Question

A solenoidal inductor for a printed circuit board is being redesigned. To save weight, the number of turns is reduced by one-fifth, with the geometric dimensions kept the same. By how much must the current change if the energy stored in the inductor is to remain the same? Select one: a. It must be two times larger. b. It should be one-half as large. c. It should be left the same. d. It must be four times larger. e. No change in the current can compensate for the reduction in the number of turns.

Answer 1

The "it must be five times larger" current change if the energy stored in the inductor is to remain the same.

Explanation:

A current produced by a modifying magnetic field in a conductor is proportional to the magnetic field change rate named INDUCTANCE (L). The expression for the Energy Stored, that equation is given by:

$U= \frac{1}{2} LI^2$

Here L is the inductance and I is the current.

Here, energy stored (U) is proportional to the number of turns (N) and the current (I).

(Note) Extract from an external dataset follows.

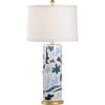 Ceramic lamp with hand painted blue designs. Designs and colors may vary. Designed by Jamie Merida.
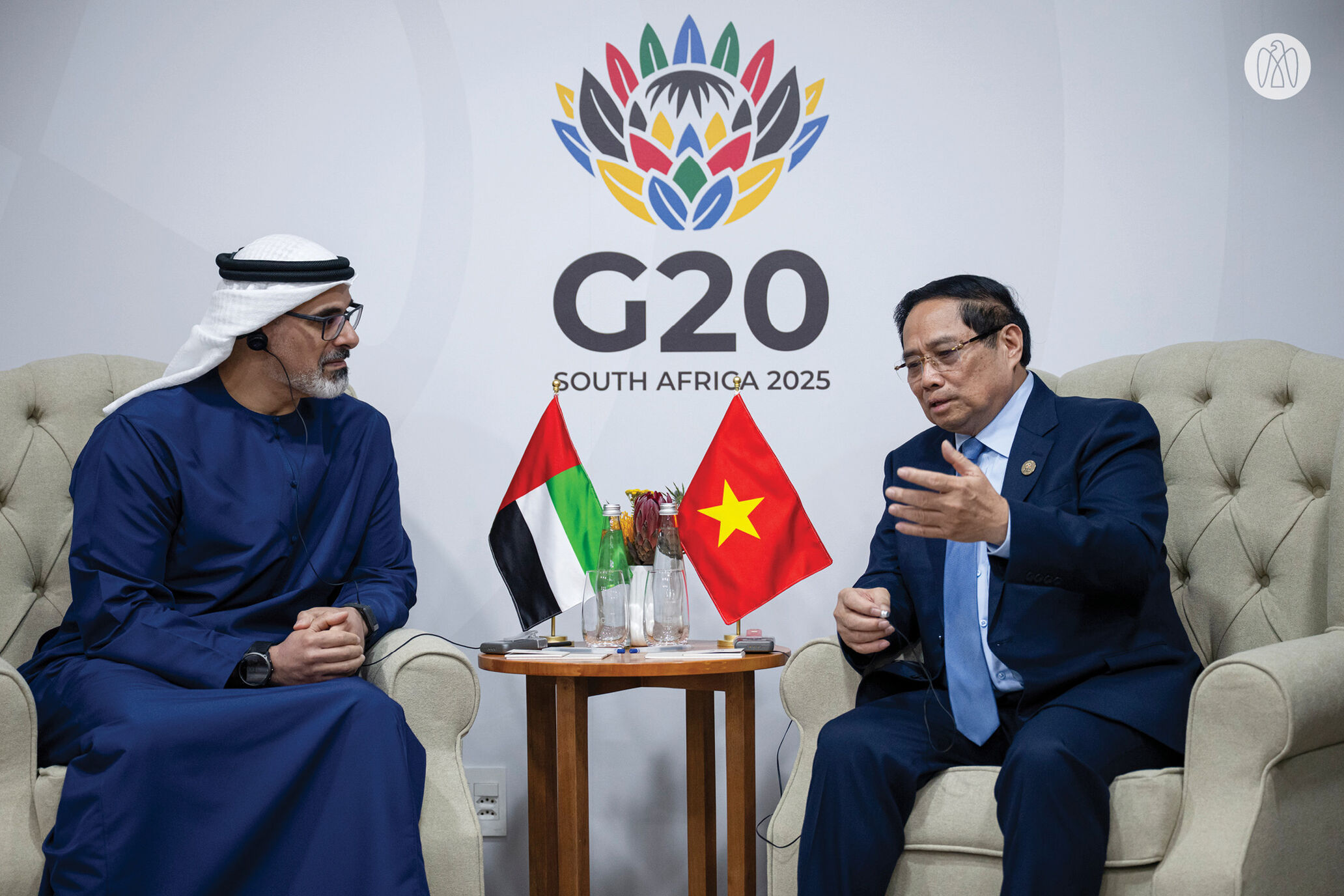 التقى سمو الشيخ خالد بن محمد بن زايد آل نهيان، ولي عهد أبوظبي، اليوم، رئيس وزراء جمهورية فيتنام الاشتراكية فام مينه تشينه،، على هامش أعمال قمة مجموعة العشرين المنعقدة في مدينة جوهانسبرغ بجمهورية جنوب إفريقيا.

$L = \frac{\mu_0 N^2 *A}{l}$

mu not - permeability of core material

A -area of cross section

l - length

N - no. of turns in solenoid inductor

Now,given that the proportion always remains same:

$\frac{N_2}{N_1} = \frac{I_1}{I_2}$

In this way the expression

$\frac{1}{5} = \frac{I_1}{I_2}$

$I_2 = I_1 \times 5$

Thus, it suggest that "it must be five times larger" current change if the energy stored in the inductor is to remain the same.